◆ **MATERIAL TO PROCESS**

━━━━━━━━━━

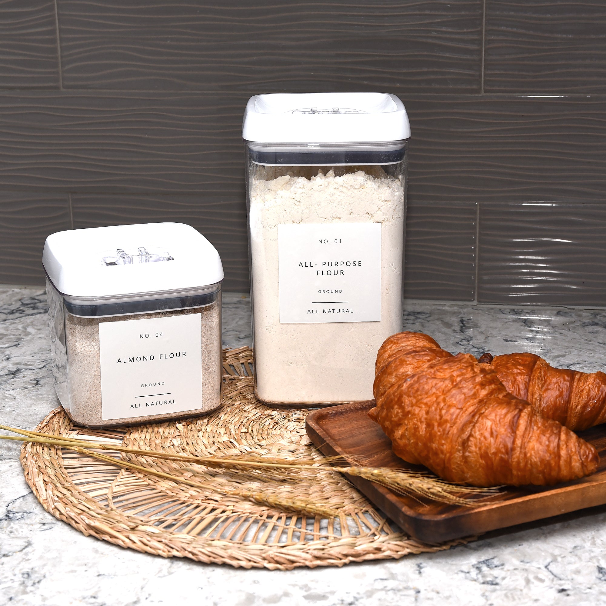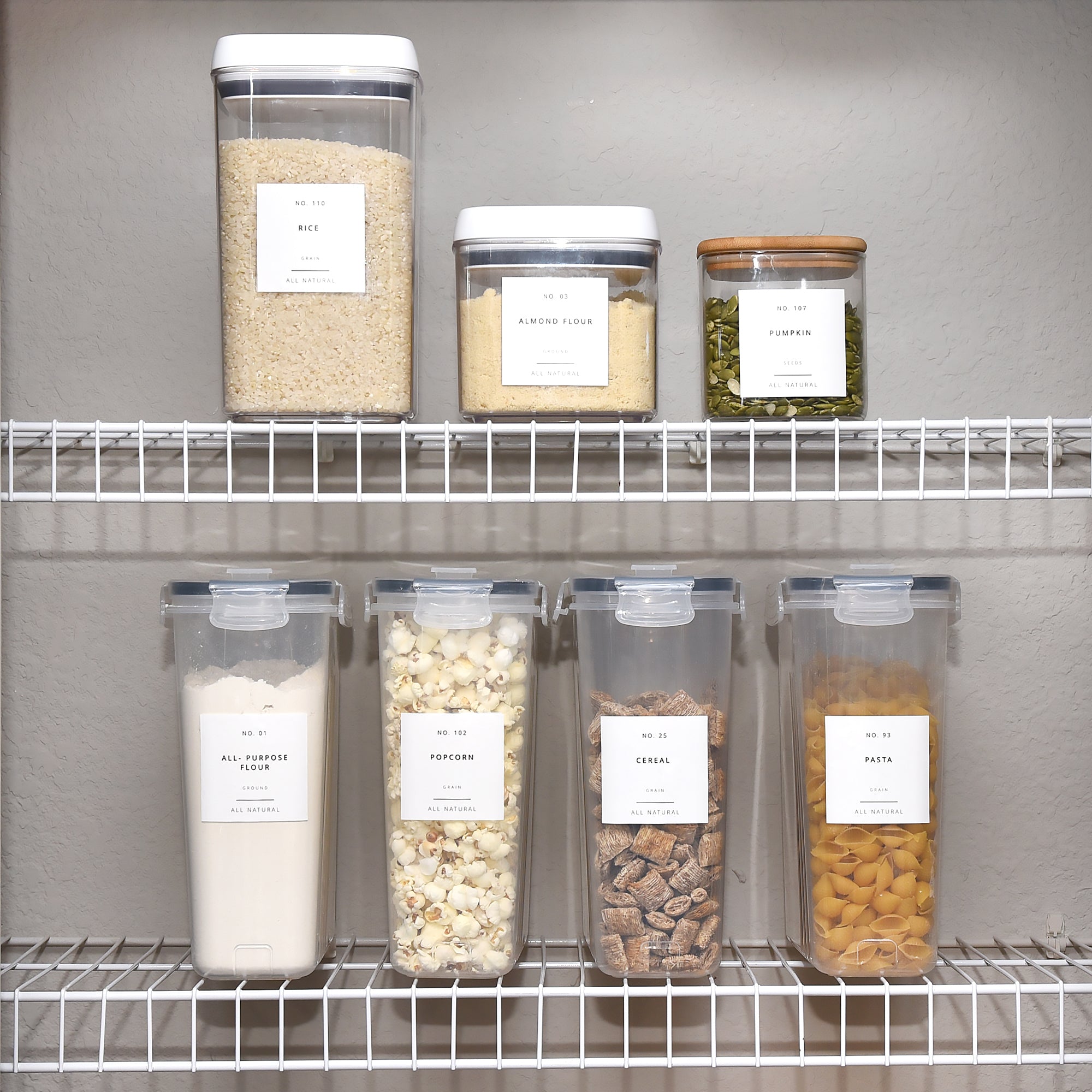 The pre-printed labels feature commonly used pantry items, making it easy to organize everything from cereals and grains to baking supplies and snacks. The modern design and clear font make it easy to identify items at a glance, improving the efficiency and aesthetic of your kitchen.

━━━━━━━━━━

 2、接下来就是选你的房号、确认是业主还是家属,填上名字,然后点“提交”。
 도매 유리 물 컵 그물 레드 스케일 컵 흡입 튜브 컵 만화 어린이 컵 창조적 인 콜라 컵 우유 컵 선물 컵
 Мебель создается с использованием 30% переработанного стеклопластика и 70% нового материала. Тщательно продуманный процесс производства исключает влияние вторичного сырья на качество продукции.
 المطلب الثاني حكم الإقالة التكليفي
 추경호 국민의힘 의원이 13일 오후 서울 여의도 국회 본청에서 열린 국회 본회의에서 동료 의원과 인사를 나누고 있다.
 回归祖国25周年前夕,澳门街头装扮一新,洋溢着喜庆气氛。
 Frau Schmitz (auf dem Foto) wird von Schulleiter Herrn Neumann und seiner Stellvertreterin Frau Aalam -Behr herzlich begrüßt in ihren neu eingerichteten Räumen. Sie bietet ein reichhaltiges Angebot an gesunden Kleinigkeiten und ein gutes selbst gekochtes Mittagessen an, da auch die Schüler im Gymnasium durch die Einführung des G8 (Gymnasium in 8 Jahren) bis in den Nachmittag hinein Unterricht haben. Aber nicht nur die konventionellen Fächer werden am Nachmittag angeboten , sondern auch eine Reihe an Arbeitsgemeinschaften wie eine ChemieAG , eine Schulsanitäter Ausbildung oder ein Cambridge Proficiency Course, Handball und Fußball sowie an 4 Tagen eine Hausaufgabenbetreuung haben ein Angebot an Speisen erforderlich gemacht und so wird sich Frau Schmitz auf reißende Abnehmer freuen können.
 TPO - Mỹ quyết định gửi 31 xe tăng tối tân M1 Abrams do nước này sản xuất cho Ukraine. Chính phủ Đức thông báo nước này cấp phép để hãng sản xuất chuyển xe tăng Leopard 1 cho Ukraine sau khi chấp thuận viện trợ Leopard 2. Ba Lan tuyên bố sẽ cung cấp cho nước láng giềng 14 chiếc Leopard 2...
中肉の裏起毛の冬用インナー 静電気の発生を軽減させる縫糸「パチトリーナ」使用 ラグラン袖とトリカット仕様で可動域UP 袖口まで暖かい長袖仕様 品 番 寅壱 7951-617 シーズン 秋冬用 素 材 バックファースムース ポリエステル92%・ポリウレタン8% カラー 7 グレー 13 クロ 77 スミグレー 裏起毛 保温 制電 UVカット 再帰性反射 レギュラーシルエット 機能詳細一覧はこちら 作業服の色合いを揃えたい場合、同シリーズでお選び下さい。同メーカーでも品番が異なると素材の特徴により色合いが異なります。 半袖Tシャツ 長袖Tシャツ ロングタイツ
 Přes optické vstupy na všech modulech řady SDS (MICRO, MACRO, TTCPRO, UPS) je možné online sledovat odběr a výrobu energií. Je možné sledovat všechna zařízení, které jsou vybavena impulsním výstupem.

━━━━━━━━━━

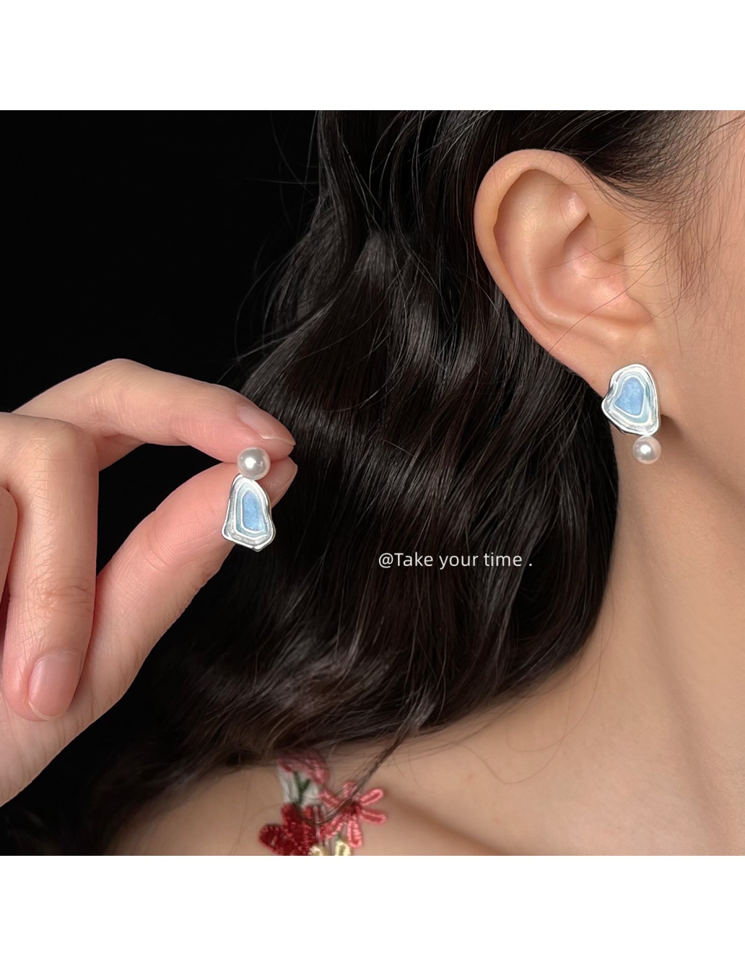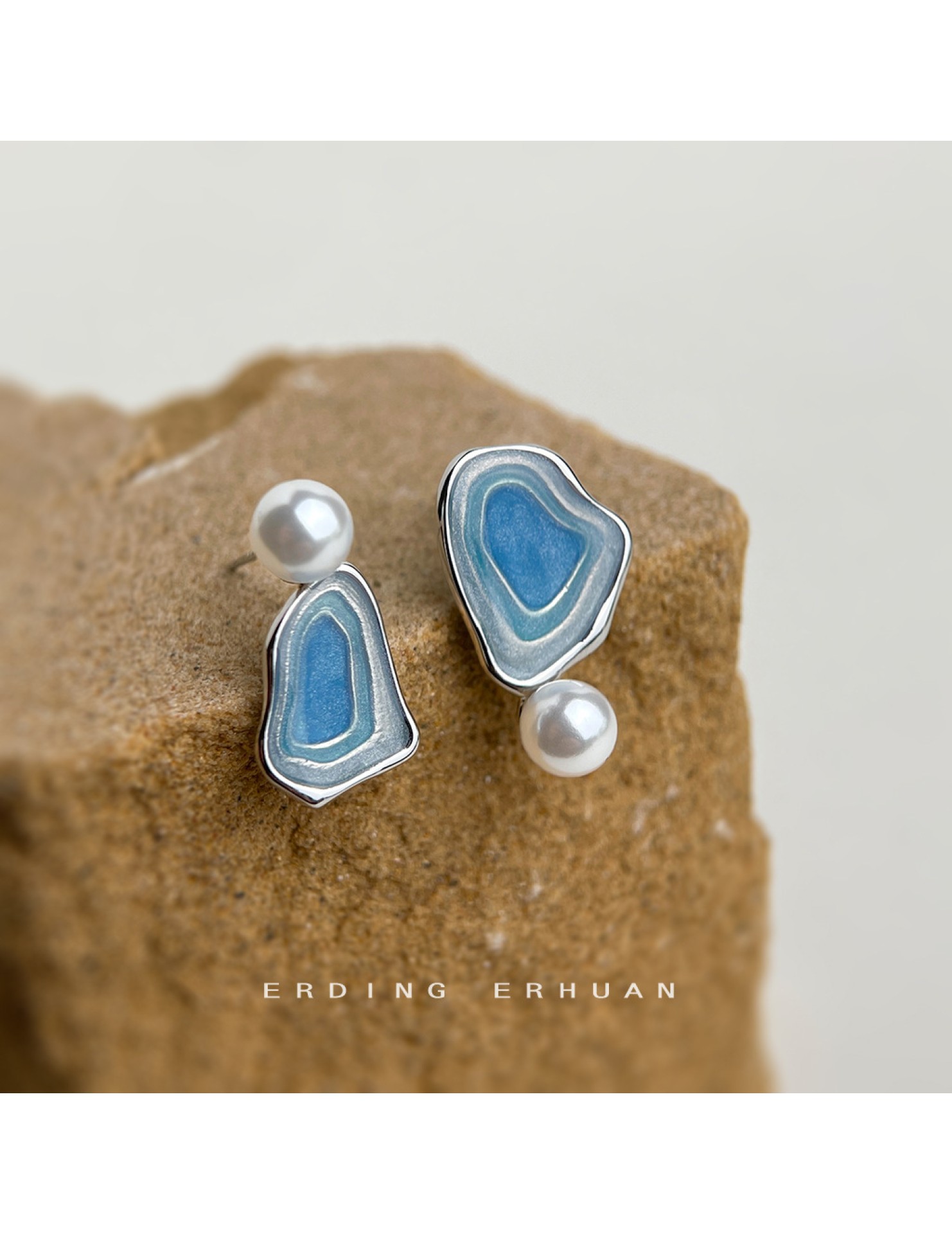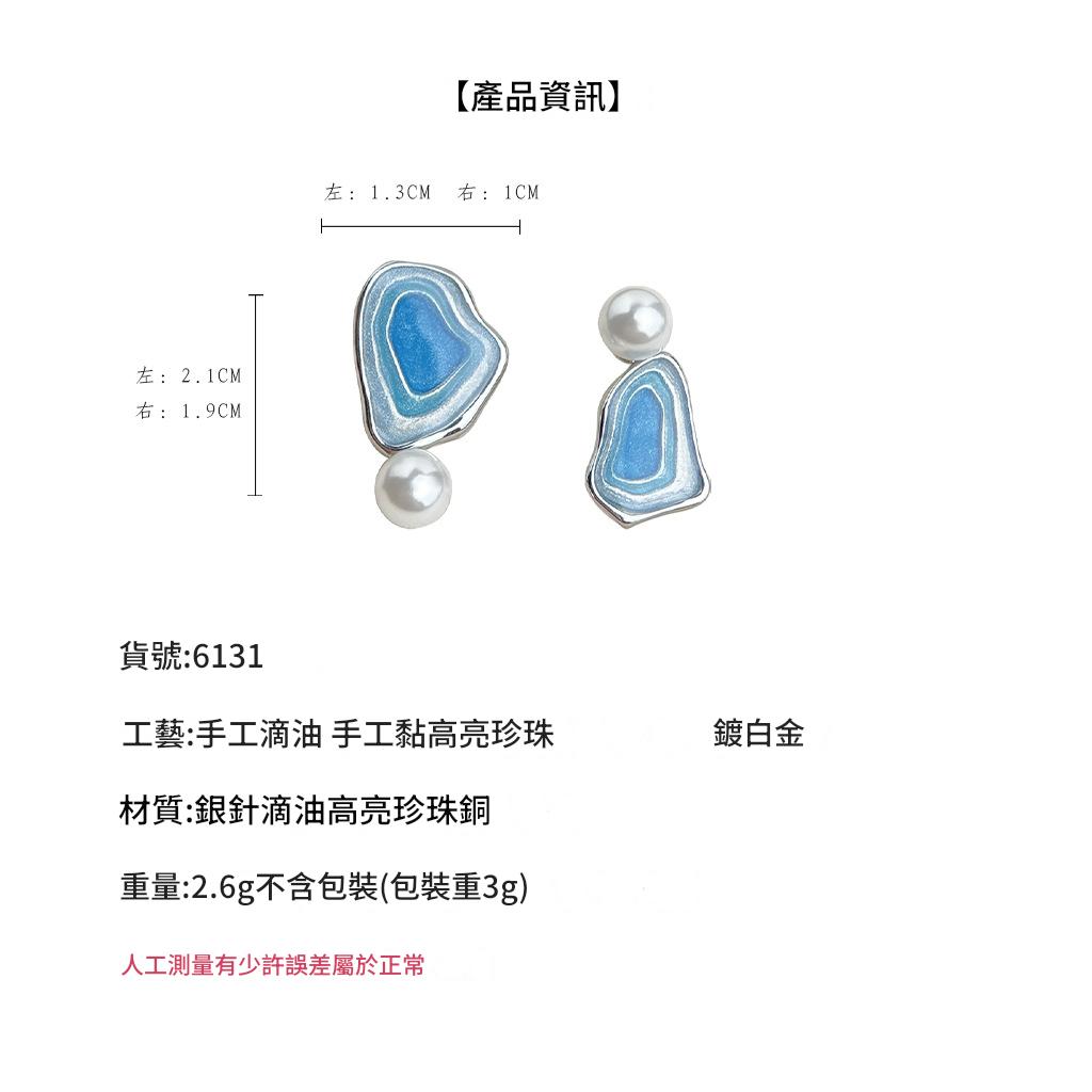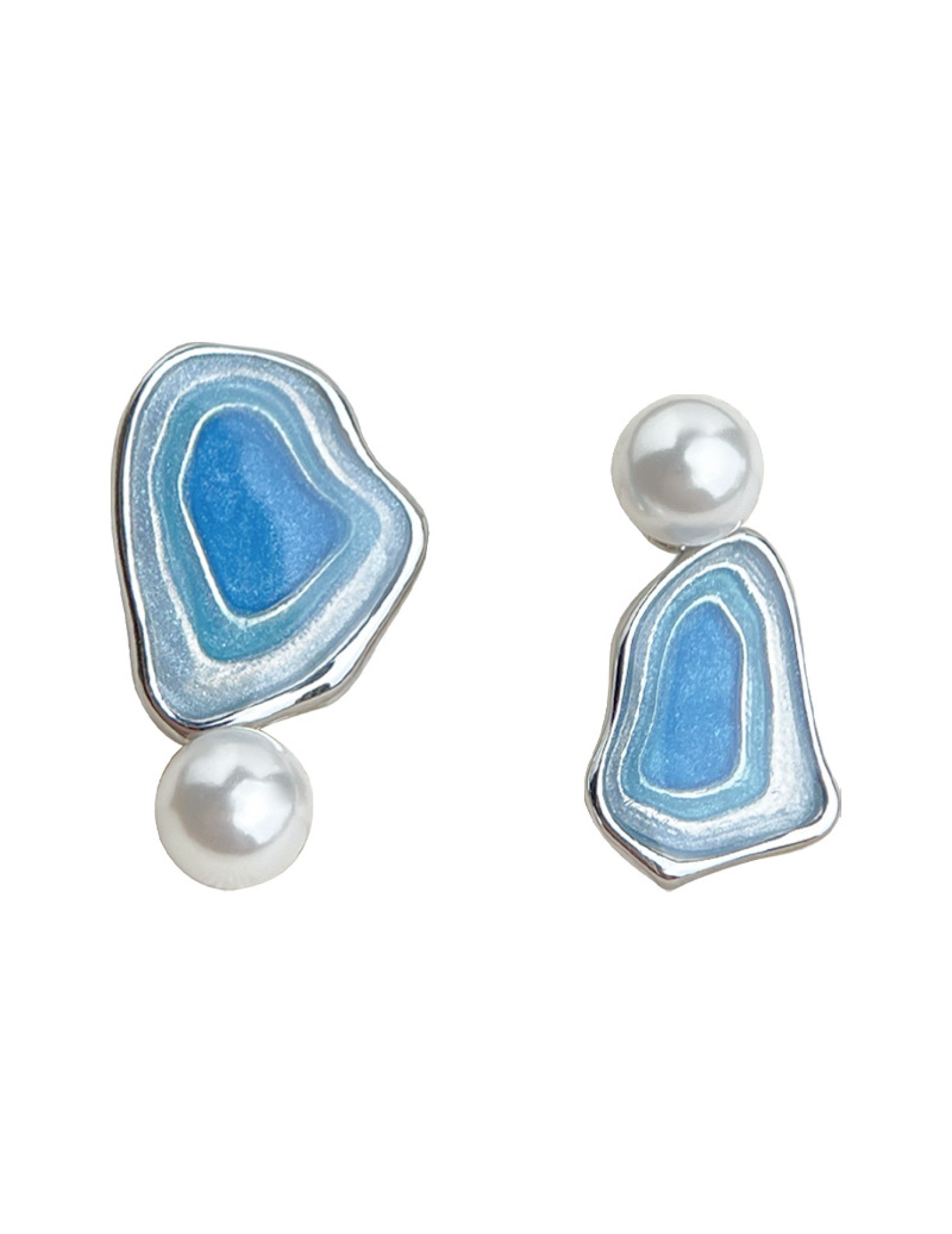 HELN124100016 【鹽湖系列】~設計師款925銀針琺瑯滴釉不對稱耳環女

━━━━━━━━━━

◆ **TASK DETAILS**
Where the listing above has a line with "回归祖国25周年前夕,澳门街头装扮一新,洋溢着喜庆气氛。", start there, and output every line exactly through the line with "TPO - Mỹ quyết", which is also included.

◆ **RESULT OF THIS TASK**
 回归祖国25周年前夕,澳门街头装扮一新,洋溢着喜庆气氛。
 Frau Schmitz (auf dem Foto) wird von Schulleiter Herrn Neumann und seiner Stellvertreterin Frau Aalam -Behr herzlich begrüßt in ihren neu eingerichteten Räumen. Sie bietet ein reichhaltiges Angebot an gesunden Kleinigkeiten und ein gutes selbst gekochtes Mittagessen an, da auch die Schüler im Gymnasium durch die Einführung des G8 (Gymnasium in 8 Jahren) bis in den Nachmittag hinein Unterricht haben. Aber nicht nur die konventionellen Fächer werden am Nachmittag angeboten , sondern auch eine Reihe an Arbeitsgemeinschaften wie eine ChemieAG , eine Schulsanitäter Ausbildung oder ein Cambridge Proficiency Course, Handball und Fußball sowie an 4 Tagen eine Hausaufgabenbetreuung haben ein Angebot an Speisen erforderlich gemacht und so wird sich Frau Schmitz auf reißende Abnehmer freuen können.
 TPO - Mỹ quyết định gửi 31 xe tăng tối tân M1 Abrams do nước này sản xuất cho Ukraine. Chính phủ Đức thông báo nước này cấp phép để hãng sản xuất chuyển xe tăng Leopard 1 cho Ukraine sau khi chấp thuận viện trợ Leopard 2. Ba Lan tuyên bố sẽ cung cấp cho nước láng giềng 14 chiếc Leopard 2...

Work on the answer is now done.